Problem requirements
Range to repeat from the listing below: the line containing "刘志远、刘永彪、张燕、顾晓燕共同启动动漫学院2024届毕业设计展开幕大屏。" down to the line containing "Климатические УсловияКлимат здесь", both included. Copy it exactly, pictures excluded, and add nothing else.

Records for the task

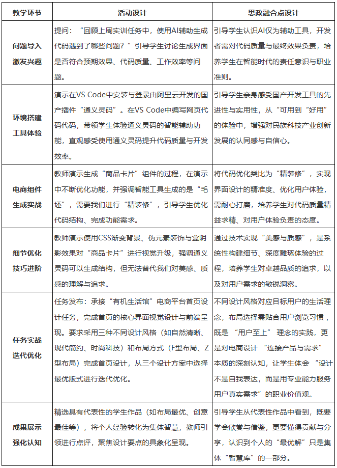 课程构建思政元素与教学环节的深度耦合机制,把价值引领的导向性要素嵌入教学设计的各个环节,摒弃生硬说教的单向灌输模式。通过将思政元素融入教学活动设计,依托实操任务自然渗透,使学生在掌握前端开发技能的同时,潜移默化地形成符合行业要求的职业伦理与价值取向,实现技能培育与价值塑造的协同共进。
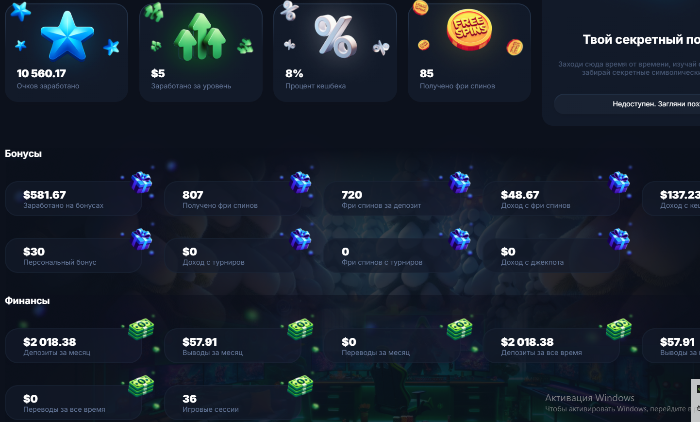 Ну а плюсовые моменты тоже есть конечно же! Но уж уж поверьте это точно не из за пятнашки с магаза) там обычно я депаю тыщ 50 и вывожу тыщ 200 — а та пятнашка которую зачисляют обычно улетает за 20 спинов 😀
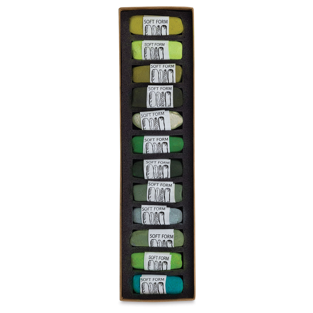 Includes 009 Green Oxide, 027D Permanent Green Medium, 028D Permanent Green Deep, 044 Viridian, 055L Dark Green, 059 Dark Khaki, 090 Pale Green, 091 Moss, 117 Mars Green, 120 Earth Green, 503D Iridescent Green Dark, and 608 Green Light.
--
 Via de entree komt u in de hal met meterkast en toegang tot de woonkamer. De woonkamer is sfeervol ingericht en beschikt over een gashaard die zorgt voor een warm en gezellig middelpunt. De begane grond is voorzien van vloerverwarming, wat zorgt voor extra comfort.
* * *
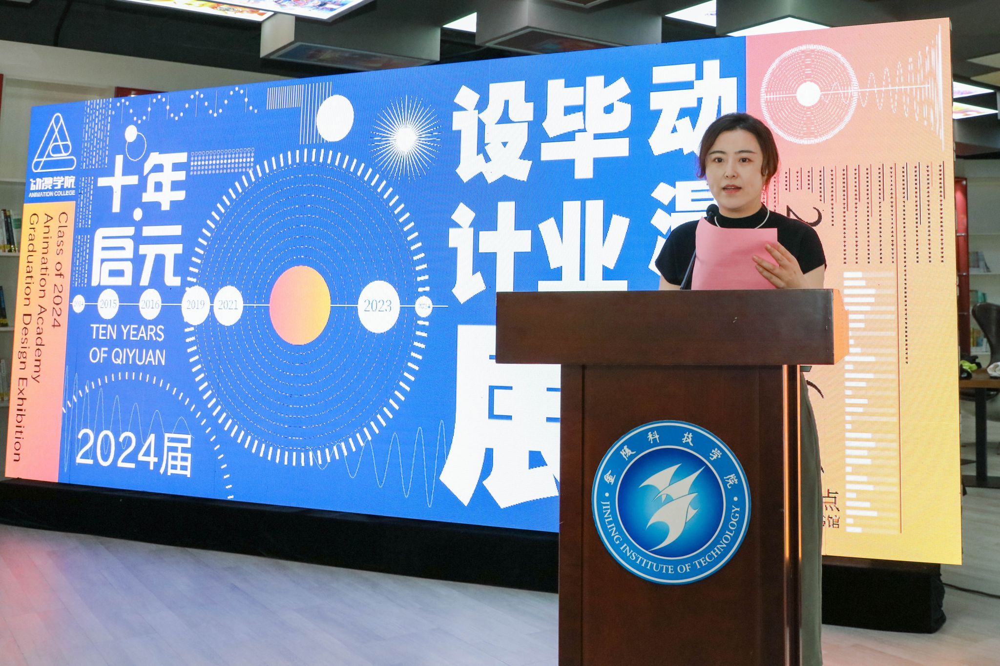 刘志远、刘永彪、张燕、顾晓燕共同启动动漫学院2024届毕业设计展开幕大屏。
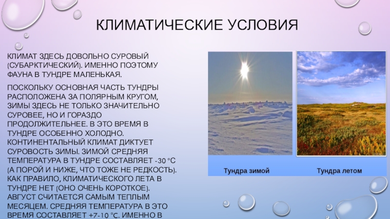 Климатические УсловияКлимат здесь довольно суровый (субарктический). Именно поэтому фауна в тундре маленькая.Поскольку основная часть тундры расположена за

Answer space
 刘志远、刘永彪、张燕、顾晓燕共同启动动漫学院2024届毕业设计展开幕大屏。
 Климатические УсловияКлимат здесь довольно суровый (субарктический). Именно поэтому фауна в тундре маленькая.Поскольку основная часть тундры расположена за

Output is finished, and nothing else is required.